I had thought about AHB when they instantly went bezerk. I don't have much knowledge about his hives other than he started with 1 and he's split in to his 4. I don't think he's ever requeened with a known source. I'll have to bring that up to his wife. There are still queens available around here so that might be worth it as I don't even know the age of the donor queen.

They don't get many critters as the LGD does a good job protecting the goats, sheep and alpaca.


----------



## JWPalmer (May 1, 2017)

Welcome to the posting side of Beesource. Those forehead stings just HAD to hurt! My guess is that hive #4 is one of the splits and that it was a walkaway, no purchased queen. Originally docile queen the bees produced open mated with an Africanized drone or ten and voila, hot hive. Time to requeen that one.


----------



## Ravenseye (Apr 2, 2006)

I'd add that re-queening sooner than later would be best. It's a real "treat" to re-queen a hot, strong hive. Actually, it's not the part about putting in the new queen. It's the often times painful process of finding the original one!


----------



## Fivej (Apr 4, 2016)

Welcome to Beesource bhammer. Yeah, those got to hurt. You are a good friend. J


----------



## aran (May 20, 2015)

Ravenseye said:


> I'd add that re-queening sooner than later would be best. It's a real "treat" to re-queen a hot, strong hive. Actually, it's not the part about putting in the new queen. It's the often times painful process of finding the original one!


i have the same joyful task facing me next week when new queens arrive from Ohio.
I have nice calm docile bees as a rule except for one hive...MEAN would be an understatement. I cracked the inner cover this past weekend and immediately had dozens and dozens of bees stinging both gloves and clouding around my face.
My orchard which is quite close to my apiary needed to be mowed and i had to do it in a beesuit as that hive ( i assume) kept attacking me...they even followed me the 200-300 yards back to my garage and were still going ballistic at me.

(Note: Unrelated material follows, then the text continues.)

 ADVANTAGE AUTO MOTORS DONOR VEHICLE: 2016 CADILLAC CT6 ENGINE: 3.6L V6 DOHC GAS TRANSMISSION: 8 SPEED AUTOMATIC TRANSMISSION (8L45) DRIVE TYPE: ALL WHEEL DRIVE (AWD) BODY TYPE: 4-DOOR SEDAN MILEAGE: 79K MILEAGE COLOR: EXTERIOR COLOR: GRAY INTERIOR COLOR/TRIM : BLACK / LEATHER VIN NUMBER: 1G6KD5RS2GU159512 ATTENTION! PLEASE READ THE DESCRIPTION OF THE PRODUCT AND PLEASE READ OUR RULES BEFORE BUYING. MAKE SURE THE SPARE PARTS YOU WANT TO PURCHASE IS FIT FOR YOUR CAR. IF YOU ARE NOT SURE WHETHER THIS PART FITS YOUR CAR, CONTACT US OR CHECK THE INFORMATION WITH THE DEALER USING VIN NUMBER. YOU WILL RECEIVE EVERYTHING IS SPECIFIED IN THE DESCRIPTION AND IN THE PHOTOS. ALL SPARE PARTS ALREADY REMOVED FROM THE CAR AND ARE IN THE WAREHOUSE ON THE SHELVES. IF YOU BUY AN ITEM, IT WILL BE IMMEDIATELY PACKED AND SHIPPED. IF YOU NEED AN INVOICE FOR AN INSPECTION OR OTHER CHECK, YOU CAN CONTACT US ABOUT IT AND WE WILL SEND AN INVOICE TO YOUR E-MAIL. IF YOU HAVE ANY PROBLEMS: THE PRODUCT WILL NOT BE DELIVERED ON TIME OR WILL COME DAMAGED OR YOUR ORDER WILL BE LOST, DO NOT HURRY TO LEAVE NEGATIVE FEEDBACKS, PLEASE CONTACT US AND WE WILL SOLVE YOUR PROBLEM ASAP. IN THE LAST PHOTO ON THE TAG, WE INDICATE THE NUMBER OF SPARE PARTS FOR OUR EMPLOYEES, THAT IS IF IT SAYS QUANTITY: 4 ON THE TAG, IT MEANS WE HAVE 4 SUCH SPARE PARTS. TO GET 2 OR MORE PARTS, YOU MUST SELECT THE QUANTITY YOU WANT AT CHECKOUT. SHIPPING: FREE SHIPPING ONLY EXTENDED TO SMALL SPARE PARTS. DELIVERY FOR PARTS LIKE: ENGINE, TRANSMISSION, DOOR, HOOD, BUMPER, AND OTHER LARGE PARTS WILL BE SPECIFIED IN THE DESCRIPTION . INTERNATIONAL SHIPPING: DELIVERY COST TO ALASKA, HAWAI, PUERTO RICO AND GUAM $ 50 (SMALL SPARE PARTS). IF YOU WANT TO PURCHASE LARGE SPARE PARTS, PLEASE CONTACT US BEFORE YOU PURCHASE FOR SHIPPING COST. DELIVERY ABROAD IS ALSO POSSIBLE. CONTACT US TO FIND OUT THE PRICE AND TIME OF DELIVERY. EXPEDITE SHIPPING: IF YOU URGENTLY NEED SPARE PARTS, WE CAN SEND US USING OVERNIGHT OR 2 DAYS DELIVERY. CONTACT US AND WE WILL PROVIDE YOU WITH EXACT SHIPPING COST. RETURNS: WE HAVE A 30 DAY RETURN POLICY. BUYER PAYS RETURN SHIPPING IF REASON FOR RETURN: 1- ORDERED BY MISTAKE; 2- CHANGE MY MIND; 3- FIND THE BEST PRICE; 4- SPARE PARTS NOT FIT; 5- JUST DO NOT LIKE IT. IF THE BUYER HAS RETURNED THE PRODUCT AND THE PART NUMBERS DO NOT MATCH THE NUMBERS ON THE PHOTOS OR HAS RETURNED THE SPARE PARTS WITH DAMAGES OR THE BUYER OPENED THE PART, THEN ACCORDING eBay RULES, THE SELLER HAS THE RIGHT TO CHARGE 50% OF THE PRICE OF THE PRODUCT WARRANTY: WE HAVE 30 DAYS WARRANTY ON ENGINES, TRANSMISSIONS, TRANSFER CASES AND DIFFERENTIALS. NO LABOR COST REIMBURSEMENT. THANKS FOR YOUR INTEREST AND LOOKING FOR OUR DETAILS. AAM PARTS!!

Im going to find and crush that queen and replace her. Hot bees make the hobby arduous and not at all fun.


----------



## malonebeefarm (Feb 6, 2019)

Mean bees, bad queen, increase drone population, sporatic laying. Queen starts producing less phermone, bees get aggressive. Find old queen, destroy her, put some artificial phermone from Mann Lake in hive. Leave hive a lone for several days, bees will think everything is ok and should calm down. Take phermone stick out, requeen. Check on her in 4 days, should be out of cage, if not release and close up. Check in a week to see if she is doing her thing. I found if you use the Queen phermone stick, it keeps the hive from attacking or rejecting the new queen. Just a bit of insurance in aiding her acceptance to the collective.


----------



## AHudd (Mar 5, 2015)

I have found that if you split a mean hive into 3 or 4 it makes finding the Queen much easier.

Alex


----------



## Radar (Sep 4, 2006)

There is no need to find the queen and get stung, block the entrance, place a sheet of news paper under queen excluder on broodbox then add a broodbox with a QUIET Queen and all the bees on top. You will need a top entrance for all of the bees to use.The result the bees from the bottom box come up through the queen excluder and mix with the bees in the top, eventually the only thing left in the bottom box are the drones(which you do not want anyway) and the queen which you where going to kill, reopen the bottom entrance, remove the queen excluder. Works every time


----------



## AHudd (Mar 5, 2015)

Radar, That does sound a lot easier, but what stops the bees in the bottom box from killing the Queen in the top box? 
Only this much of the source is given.